-- WHAT YOU ARE ASKED TO DO --
Omitting every picture, copy the lines from the one that contains "2024年,服务乡村振兴战略" through the last line of the records below, exactly and with nothing added.
+++++
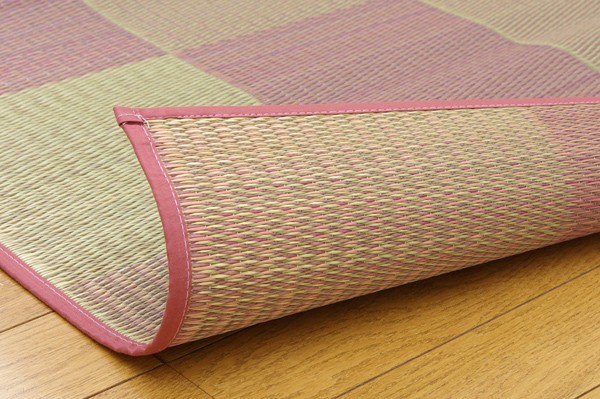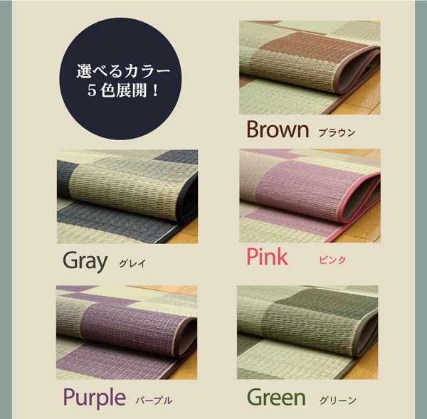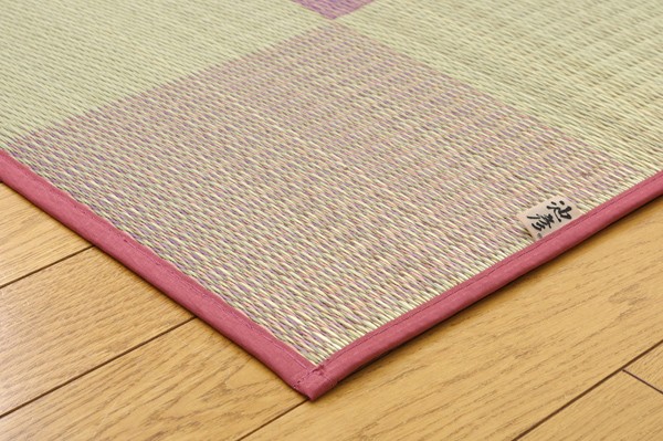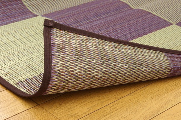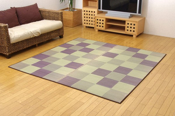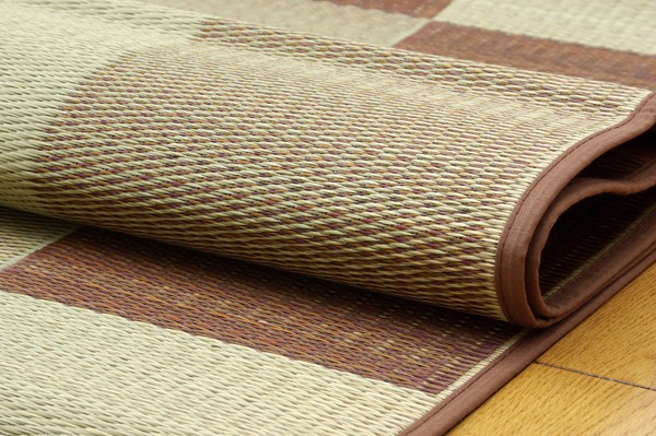 シンプルで飽きのこないブロック柄のい草カーペットです。国産(九州産)のい草を使用しています。一本一本が太く、表皮が厚く繊維がキメ細かいので弾力性があり、耐久性に優れています。い草には空気の自然浄化作用、湿度の調節作用などがあります。また汚れにくく、使用するうちに黄金色に変化し味が出ます。い草に青森ヒバ加工を施しています。(抗菌、防臭効果)
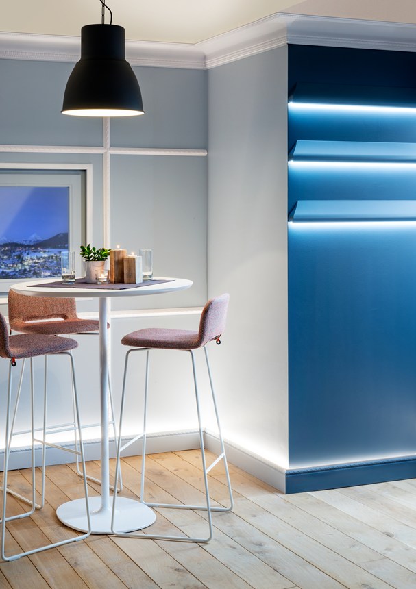 Die IL2 ARSTYL® bietet genügend Raum, um auf ihrer Rückseite ein LED-Band zu platzieren. Somit wird die Deckenleiste zur indirekten Lichtquelle und trägt zu einer positiven Raumatmosphäre bei. Außerdem lässt sie bequem Kabel oder Risse verschwinden.
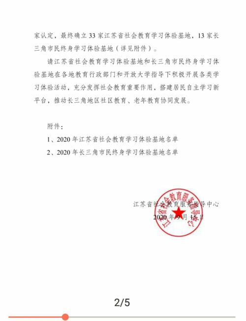 根据《长三角地区社区教育、老年教育协同发展三年行动计划(2019-2021 年)》、《关于开展长三角市民终身学习体验基地创建工作的通知》和《关于开展 2020 年江苏省社会教育学习体验基地创建及长三角市民终身学习体验基地申报工作的通知》要求,江苏省社会教育服务指导中心组织开展2020年江苏省社会教育学习体验基地及长三角市民终身学习体验基地创建工作,我市各镇(街道)社区教育中心在前期溧阳市中小学生研学旅行基地、常州市游学基地、江苏省游学基地建设的基础上,积极申报,经层层筛选,专家认定,最终确立,上兴镇社区教育中心申报的“曹山紫竹林盆景园艺学习体验基地”为2020 年江苏省社会教育学习体验基地,竹箦镇社区教育中心申报的“新四军江南指挥部纪念馆”为2020 年长三角市民终身学习体验基地。
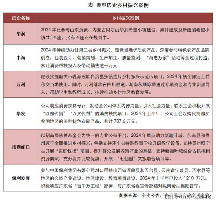 2024年,服务乡村振兴战略是房企履行社会责任的重要内容之一,多家头部房企围绕教育帮扶、消费帮扶、产业帮扶等方向,多措并举推进乡村振兴事业稳健发展。
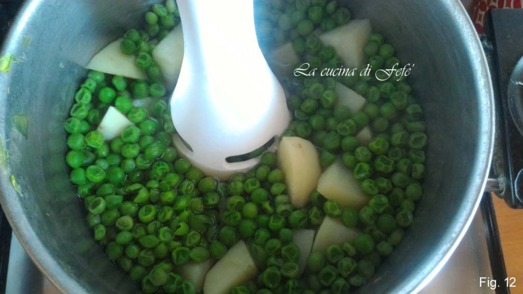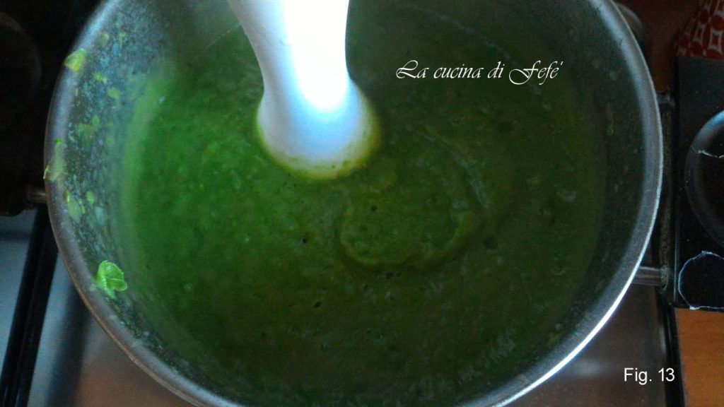 • Mettez au four préchauffé à 180°C pendant 20′. Pendant ce temps, éteignez les légumes, éliminez l’excès de bouillon que vous devrez garder de côté si nécessaire et mixez-les avec un mixeur plongeant (fig. 11).
+++++
-- FINISHED EXERCISE --
 2024年,服务乡村振兴战略是房企履行社会责任的重要内容之一,多家头部房企围绕教育帮扶、消费帮扶、产业帮扶等方向,多措并举推进乡村振兴事业稳健发展。
 • Mettez au four préchauffé à 180°C pendant 20′. Pendant ce temps, éteignez les légumes, éliminez l’excès de bouillon que vous devrez garder de côté si nécessaire et mixez-les avec un mixeur plongeant (fig. 11).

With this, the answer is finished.